# Newest addition



## Loke (Sep 7, 2007)

Meet Stella.


----------



## DallanC (Jan 13, 2009)

Cutie! Congratulations


-DallanC


----------



## LostLouisianian (Oct 11, 2010)

Is that a chessie?


----------



## Loke (Sep 7, 2007)

Yes she is.


----------



## LostLouisianian (Oct 11, 2010)

Oh good Lord what have you done? Mine chews through chain link fences like they're spaghetti noodles LOL. Loving dog but she could pull a freight train!!!


----------



## Loke (Sep 7, 2007)

This will be my third, and will make two in the house at once. Camping will be a little more interesting.....


----------



## LostLouisianian (Oct 11, 2010)

Loke said:


> This will be my third, and will make two in the house at once.

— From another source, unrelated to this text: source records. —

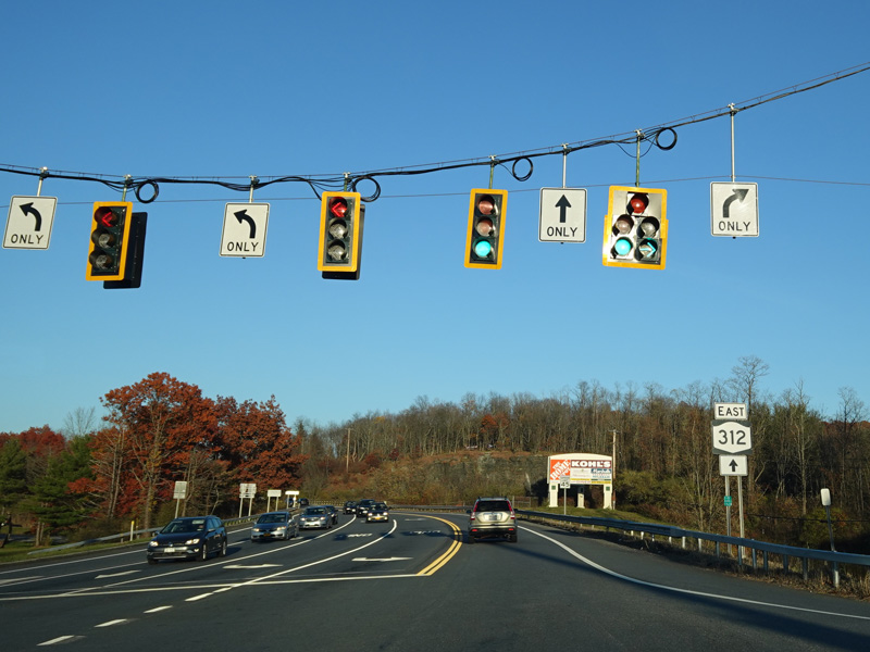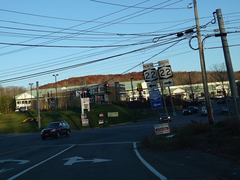 NY 312 ends at a traffic light at NY 22. Turn left to go north or right to go south.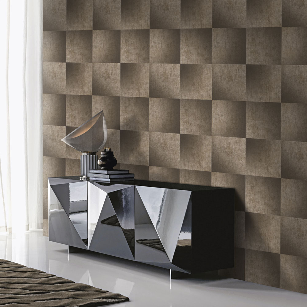Braune geometrische Vliestapete mit Stoffstruktur 45254, Feeling, Emiliana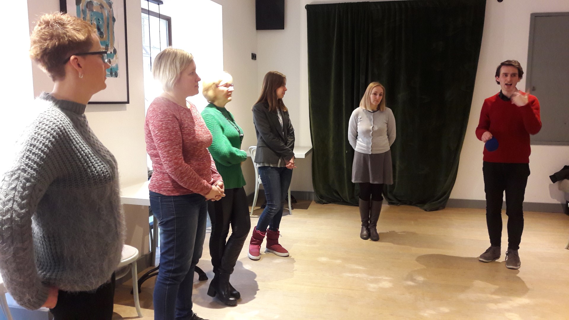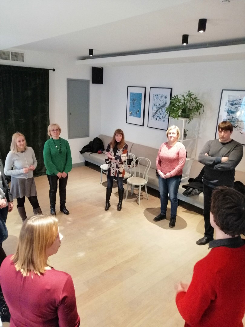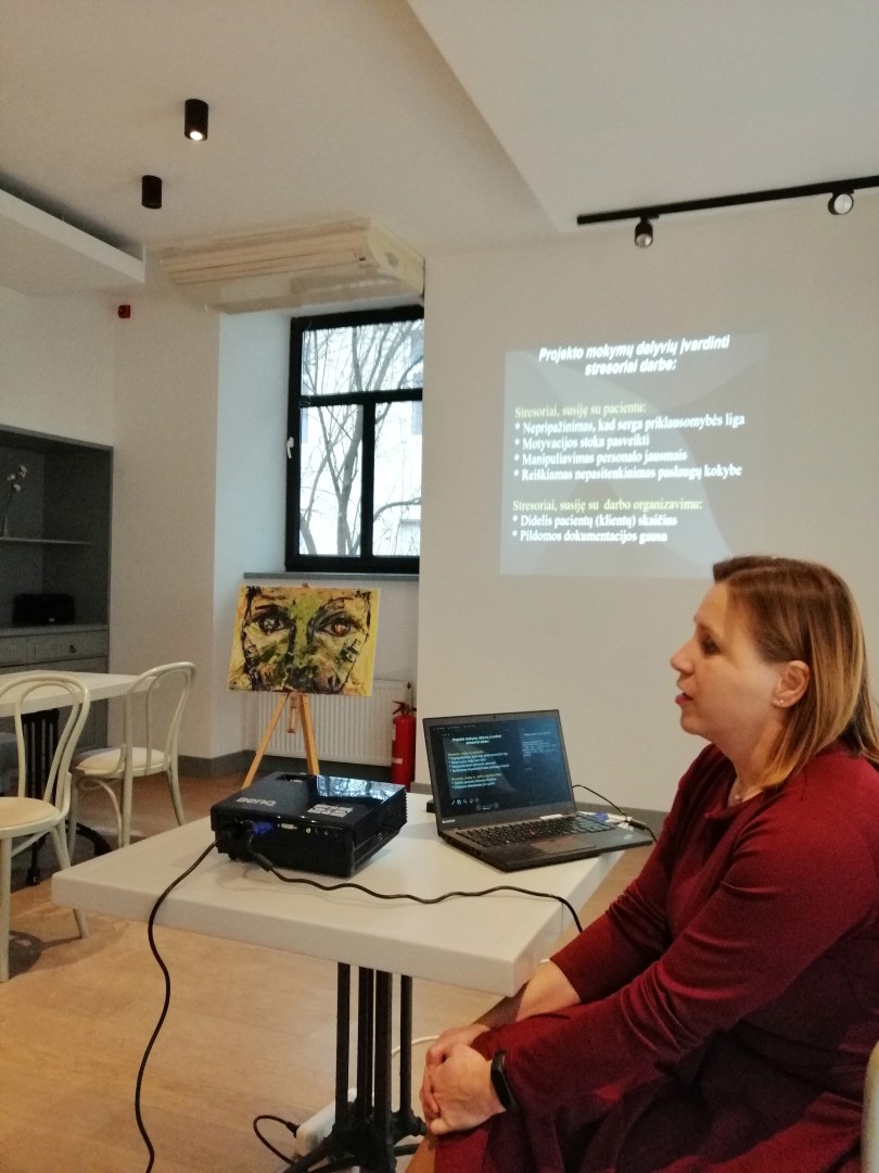 Susitikime dalyvavo įvairių Vilniaus miesto sveikatos priežiūros ir socialinės integracijos įstaigų atstovai, kurie dirba su sveikstančiais nuo priklausomybių asmenimis. Renginio metu VšĮ „Socialiniai paramos projektai“ projektų vadovė Agnė Bykova pristatė reintegracijos modelį, vykdomą salotų bare „Mano Guru“. Vilniaus kolegijos Sveikatos priežiūros fakulteto lektorė Aurelija Kūgytė pristatė, kaip meno metodai pagerina psichikos sveikatą, siekiant išvengti perdegimo sindromo. Vilniaus kolegijos Sveikatos priežiūros fakulteto lektorė Milda Kuskienė apžvelgė projekto metu vykusių mokymų dalyvių atsiliepimus. Aktorius Artūras Dubaka pravedė praktinę dalį pagal M. Čechovo metodiką.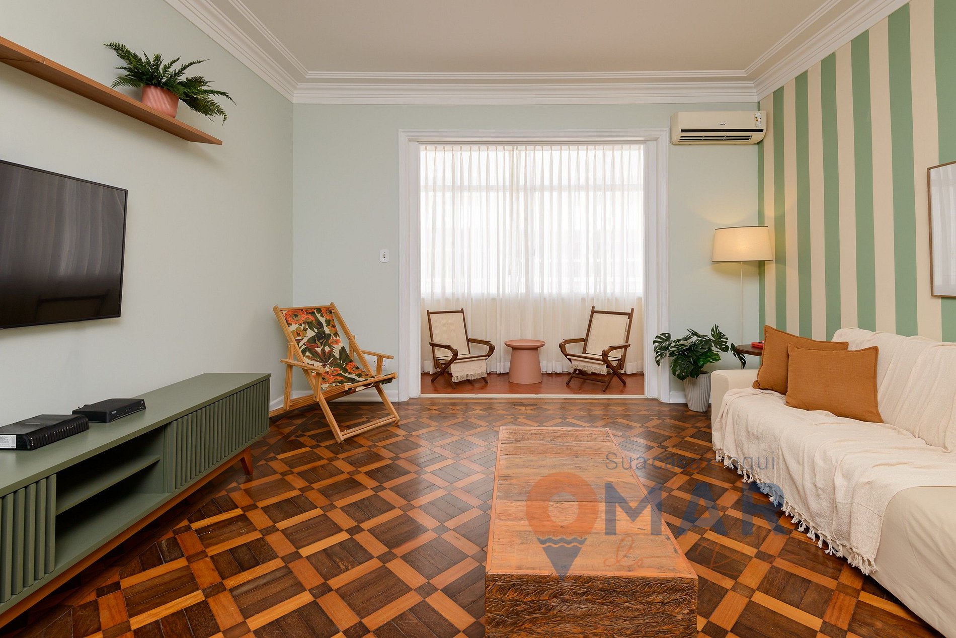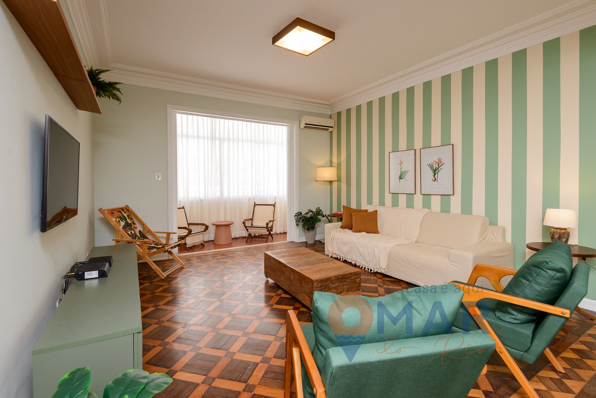 Sala de TV: Sofá, Smart TV 50'', itens decorativos, ar-condicionado split, espelho, mesa de centro e poltronas.

Camping will be a little more interesting.....


Well uh yeah. By the way, mine almost broke my nose last night. Put a gash in it while she was at it. Had an ice pack on it most of the evening. That's the last time I try to get her to give me a kiss....stupid dog. She only weights 85 pounds and isn't an ounce over weight either.


----------



## Loke (Sep 7, 2007)

Too bad they have no energy. Especially when they see water. Yesterday, mine was halfway across Mirror lake before he decided to come back. My wife thought she would have to go find him on the other side. I wasn't worried, he would just swim back.


----------